Home » "There's No Crying in Baseball"
Average: 4.7 (3 votes)

"There's No Crying in Baseball"

| comments

I can watch just about any baseball movie there is. In fact, it doesn't even have to really be about baseball for me to enjoy it. One of my favorite baseball movies is "A League of their Own" in which a crotchety coach played by Tom Hanks bellows, "there's no crying in baseball." But the irony is that in the movie he does, and he's addressing women. Now, it might be assumed that women tear up a bit more than men.
I have heard my son's coach say that phrase. I have hollered it more than once. Along with the other important baseball cheer, "just rub some dirt in it." Maybe those cheers are alright when there are bases to be run, a swing to be made, or some encouragement needing to be yelled from the dugout. For me they don't come naturally.
But there are other times. The bases were loaded. It was the bottom of the last inning. There were two outs. My son is up to bat. He had had an up and down season and lost his place in the batting order rather unkindly. His over all average had been great, but he's had a bad tournament. As a result, he had spent a lot of time in the dugout. Now, with the game on the line - to put away in the books, or to begin a rally - my son is at bat.
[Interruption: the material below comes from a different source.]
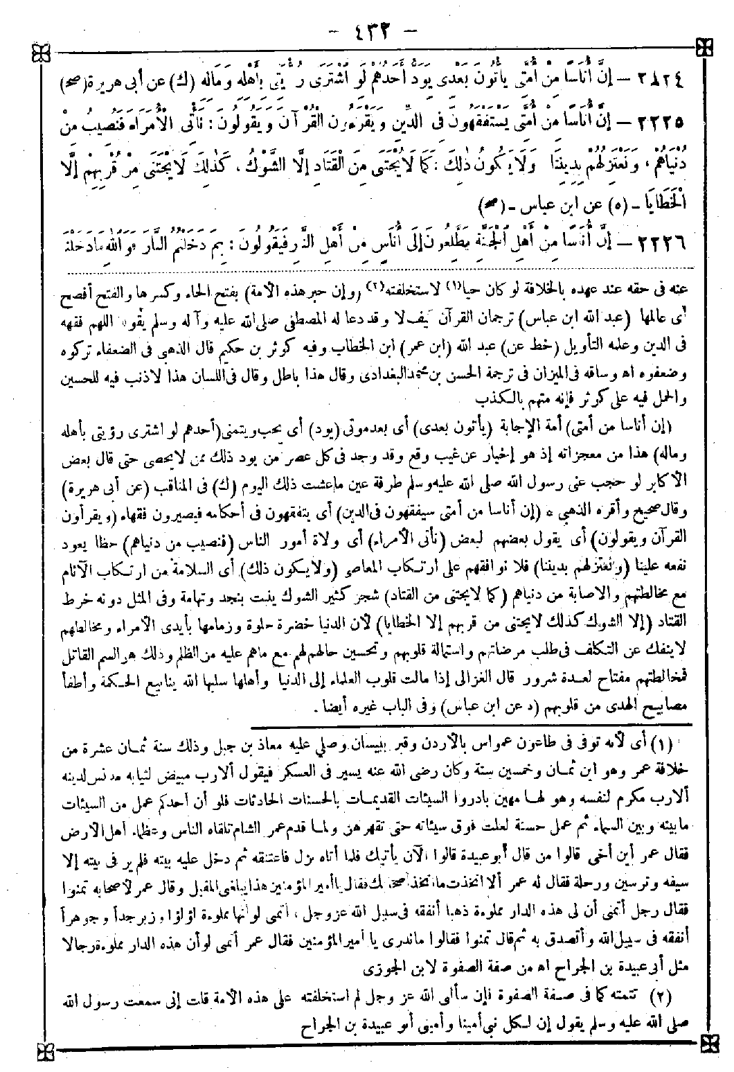 2225 - (إن أناسا من أمتي يستفقهون في الدين) أي يتفقهون في أحكامه فيصيرون فقهاء (ويقرأون القرآن ويقولون) أي يقول بعضهم لبعض (نأتي الأمراء) أي ولاة أمور الناس (فنصيب من دنياهم) حظا يعود نفعه علينا (ونعتزلهم بديننا) فلا نوافقهم على ارتكاب المعاصي (ولا يكون ذلك) أي السلامة من ارتكاب الآثام مع مخالطتهم والإصابة من دنياهم (كما لا يجتني من القتاد) شجر كثير الشوك ينبت بنجد وتهامة وفي المثل دونه خرط القتاد (إلا الشوك كذلك لا يجتنى من قربهم إلا الخطايا) لأن الدنيا خضرة وحلوة وزمامها بأيدي الأمراء ومخالطهم لا ينفك عن التكلف في طلب مرضاتهم واستمالة قلوبهم وتحسين حالهم لهم مع ما هم عليه من الظلم وذلك هو السم القاتل فمخالطتهم مفتاح لعدة شرور. قال الغزالي: إذا مالت قلوب العلماء إلى الدنيا وأهلها سلبها الله ينابيع الحكمة وأطفأ مصابيح الهدى من قلوبهم

The coaches had cleared the dugout to make sure everyone would at least be able to have played a little bit. So now my son's in the line up. With so much to prove to himself and to his coaches, with the game on the line for his teammates, he steps in the batters box.
First pitch was low and way outside, but called a strike. The next pitch is high and called for a ball. Not bad, 1 and 1. But then, the next pitch was right down the middle, a fast ball, too fast for his swing. A swing and a miss, 1 and 2. The next pitch a swing and a miss in the same place with another fast ball. He's out, the base-runners are stranded. Third out, the game's over and our team lost.
My son. Only eleven years old, wept as he headed toward the dugout. Maybe there's no crying in baseball. But where there are string passions, competition, and a desire to lift a team farther on, there will, I suppose always will be, some weeping. There was no condemnation, just a pat on his helmeted head and a fist bump. These coaches knew there was no shame in disappointment. In fact, that made the wet eyes dry even faster.
As soon as the tears appeared, they left. It was let out, over and done. If baseball's about anything, it's about forgiveness and second chances on another day. It was time to go home and play catch.